所以,这就是 PyramidROIAlign 的重要作用了:不管输入该层的特征大小为多少,经过该层之后,一律变成固定值(即 pool_size ,一般是 7x7)。核心科技就是调用了这个方法:tf.crop_and_resize(另外,不是把整张输入图片的特征变成 7x7 ,如果是那样就只有resize没有corp了。 PyramidROIAlign 的功能是,根据显著性物体的bbox坐标,以及显著性物体相对于整张图片面积的大小,在不同尺寸的特征图上切出显著性对象的特征。 可以结合代码理解这个过程。)
来看 PyramidROIAlign 具体是怎么做的,也就是 call(self, inputs) 方法。代码流程:
(1)初始化,从 input 中获取 bboxes 、image_meta 、feature_maps:
def call(self, inputs):
# num_boxes指的是proposal数目
# 通过循环特征层寻找符合的proposal,应用于ROIAlign
# Crop boxes [batch, num_boxes, (y1, x1, y2, x2)] in normalized coords
boxes = inputs[0]
print('boxes:',boxes)
# Image meta
# Holds details about the image. See compose_image_meta()
image_meta = inputs[1]
# Feature Maps. List of feature maps from different level of the
# feature pyramid. Each is [batch, height, width, channels]
feature_maps = inputs[2:]
其中:
- boxes:shape = [batch, num_boxes, (y1, x1, y2, x2)],这里坐标都经过了归一化处理。

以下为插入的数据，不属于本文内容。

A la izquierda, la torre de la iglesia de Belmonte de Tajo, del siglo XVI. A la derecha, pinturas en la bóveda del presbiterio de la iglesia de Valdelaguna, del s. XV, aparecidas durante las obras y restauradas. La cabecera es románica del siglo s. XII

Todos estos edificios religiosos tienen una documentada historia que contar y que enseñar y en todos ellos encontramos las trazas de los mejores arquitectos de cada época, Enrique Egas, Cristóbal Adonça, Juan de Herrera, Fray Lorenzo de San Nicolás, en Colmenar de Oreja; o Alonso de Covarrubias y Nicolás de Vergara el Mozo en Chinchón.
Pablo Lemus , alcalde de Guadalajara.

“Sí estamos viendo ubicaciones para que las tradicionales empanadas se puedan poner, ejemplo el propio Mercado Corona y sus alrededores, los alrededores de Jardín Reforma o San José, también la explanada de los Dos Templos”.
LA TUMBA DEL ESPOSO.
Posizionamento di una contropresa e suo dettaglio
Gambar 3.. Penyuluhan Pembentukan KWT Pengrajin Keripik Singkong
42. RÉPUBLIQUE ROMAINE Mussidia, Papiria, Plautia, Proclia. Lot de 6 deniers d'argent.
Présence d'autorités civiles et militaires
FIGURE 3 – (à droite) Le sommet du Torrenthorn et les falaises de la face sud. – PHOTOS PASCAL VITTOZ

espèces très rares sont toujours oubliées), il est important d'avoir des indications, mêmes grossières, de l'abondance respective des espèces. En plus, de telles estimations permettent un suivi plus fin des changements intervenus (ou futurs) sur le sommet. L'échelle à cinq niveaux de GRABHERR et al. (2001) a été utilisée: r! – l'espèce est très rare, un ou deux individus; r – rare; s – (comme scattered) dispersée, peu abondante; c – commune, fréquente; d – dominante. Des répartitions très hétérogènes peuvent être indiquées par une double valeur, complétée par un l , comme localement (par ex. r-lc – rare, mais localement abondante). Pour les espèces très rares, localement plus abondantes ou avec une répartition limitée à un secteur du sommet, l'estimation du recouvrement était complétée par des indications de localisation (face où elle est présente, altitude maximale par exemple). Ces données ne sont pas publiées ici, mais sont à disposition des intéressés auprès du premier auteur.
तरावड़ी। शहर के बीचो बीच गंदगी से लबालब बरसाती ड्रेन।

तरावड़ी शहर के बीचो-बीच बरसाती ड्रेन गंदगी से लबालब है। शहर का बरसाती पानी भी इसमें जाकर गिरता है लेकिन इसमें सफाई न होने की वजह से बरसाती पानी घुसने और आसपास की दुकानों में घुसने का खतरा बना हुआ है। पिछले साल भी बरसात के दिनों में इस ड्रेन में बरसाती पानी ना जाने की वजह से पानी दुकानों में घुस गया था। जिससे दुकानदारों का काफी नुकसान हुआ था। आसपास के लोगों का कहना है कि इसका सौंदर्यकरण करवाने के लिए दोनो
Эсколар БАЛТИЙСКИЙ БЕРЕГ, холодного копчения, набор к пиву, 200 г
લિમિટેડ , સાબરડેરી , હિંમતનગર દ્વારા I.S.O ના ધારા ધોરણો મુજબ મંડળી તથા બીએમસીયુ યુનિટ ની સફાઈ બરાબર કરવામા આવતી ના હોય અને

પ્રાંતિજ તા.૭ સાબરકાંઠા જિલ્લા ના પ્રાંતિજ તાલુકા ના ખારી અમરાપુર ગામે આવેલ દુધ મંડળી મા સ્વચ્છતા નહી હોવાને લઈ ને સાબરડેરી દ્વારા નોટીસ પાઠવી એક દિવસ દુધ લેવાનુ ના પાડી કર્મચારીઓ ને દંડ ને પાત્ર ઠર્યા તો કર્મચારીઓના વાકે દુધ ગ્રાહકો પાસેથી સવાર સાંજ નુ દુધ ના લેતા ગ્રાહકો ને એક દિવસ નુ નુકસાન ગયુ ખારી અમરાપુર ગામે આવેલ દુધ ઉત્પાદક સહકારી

- input_meta:里面包含了各种图片信息,包括原输入图片的大小、图片id之类的(虽然只有
image_shape会用到。。。)这个是通过compose_image_meta方法生成的,可以用parse_image_meta(meta)获得meta中的数据,这两个方法在解读(一)中已经说明。 - feature_maps:是通过Resnet Graph提取到的特征,每个的shape都是[batch, height, width, channels]
什么?你问这个参数怎么传进去的,当然是:
layer = PyramidROIAlign(7,7)([bboxes, image_meta, feature_maps])
(2)根据 image_meta 中携带的原图面积信息,得到现在处理的这张图片应该在哪一个特征图中 pooling。
def call(self, inputs):
# (1)初始化,从 `input` 中获取 bboxes 、image_meta 、feature_maps
... # 初始化代码省略
# Assign each ROI to a level in the pyramid based on the ROI area.

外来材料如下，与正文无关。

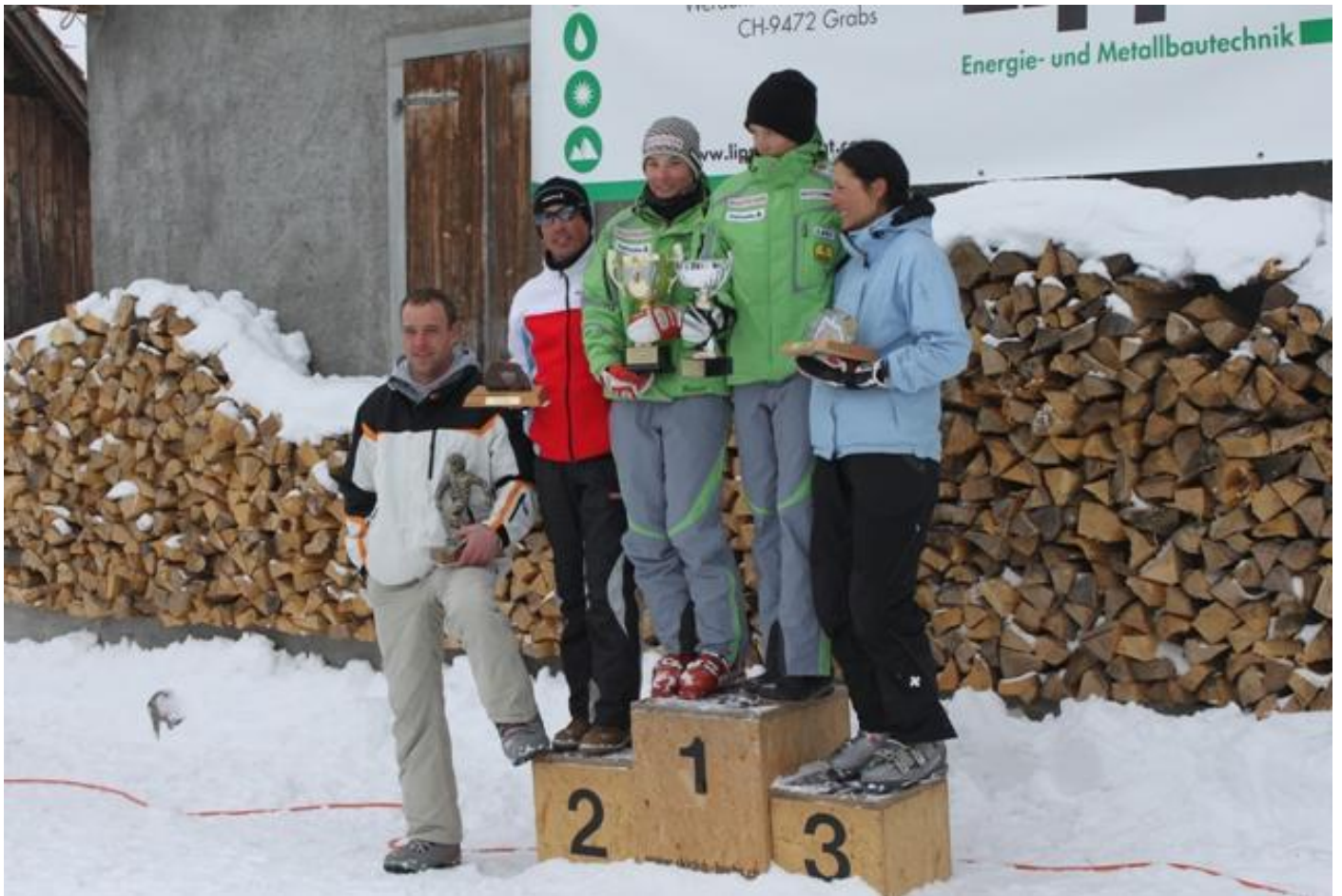
Clubmeister und JO-Clubmeister
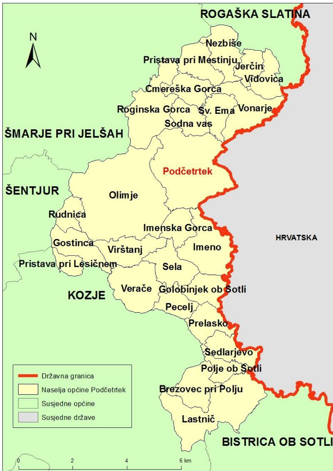
Sl. 2. Naselja Općine Podčetrtek i susjedne općine
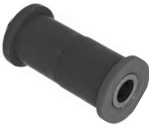
102.253 = BUCHA DA MOLA TRAS. P/ TRASEIRA STRADA (POLIURETANO)
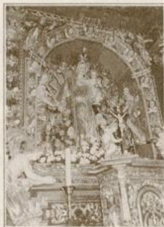
Zanimiv oltar v župni cerkvi na Prihovi. Svoj čas je bila cerkev Marijinega varstva znana romarska pot.

Zaradi mraza, ki je prodiral iz vseh zidov, smo se kljub nadvse zanimivi razlagi radi vrnili v topel avtobus, ki nas je peljal v dolino. Kljub meglenemu dnevu, ki je napovedoval sneg, smo svet pod sabo videli kot na dlani. Na robu obzorja sta izstopala mižasta Donačka gora in Boč.
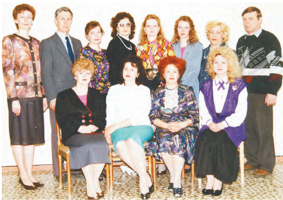
областных инспекций мы были впереди планеты всей. Некоторым из нас крупно повезло, нас поощрили турпутевками в Италию и во Францию.
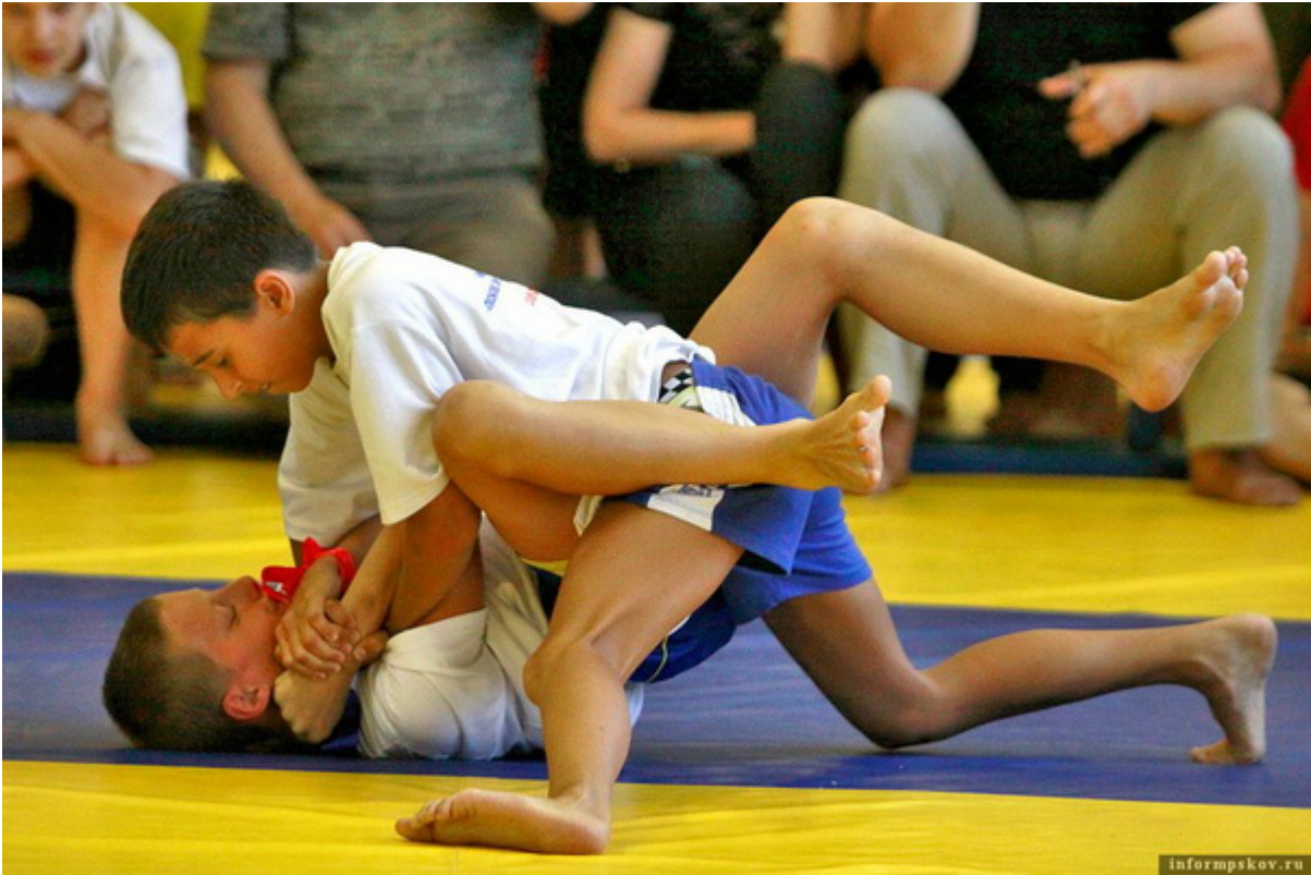
Турнир ММА в Пскове

# 这里的boxes是ROI的框,用来计算得到每个ROI框的面积
y1, x1, y2, x2 = tf.split(boxes, 4, axis=2)
h = y2 - y1 # h.shape=[batch,num_boxes,1]
w = x2 - x1
# Use shape of first image. Images in a batch must have the same size.
# 这里得到原图的尺寸,计算原图的面积
image_shape = parse_image_meta_graph(image_meta)['image_shape'][0]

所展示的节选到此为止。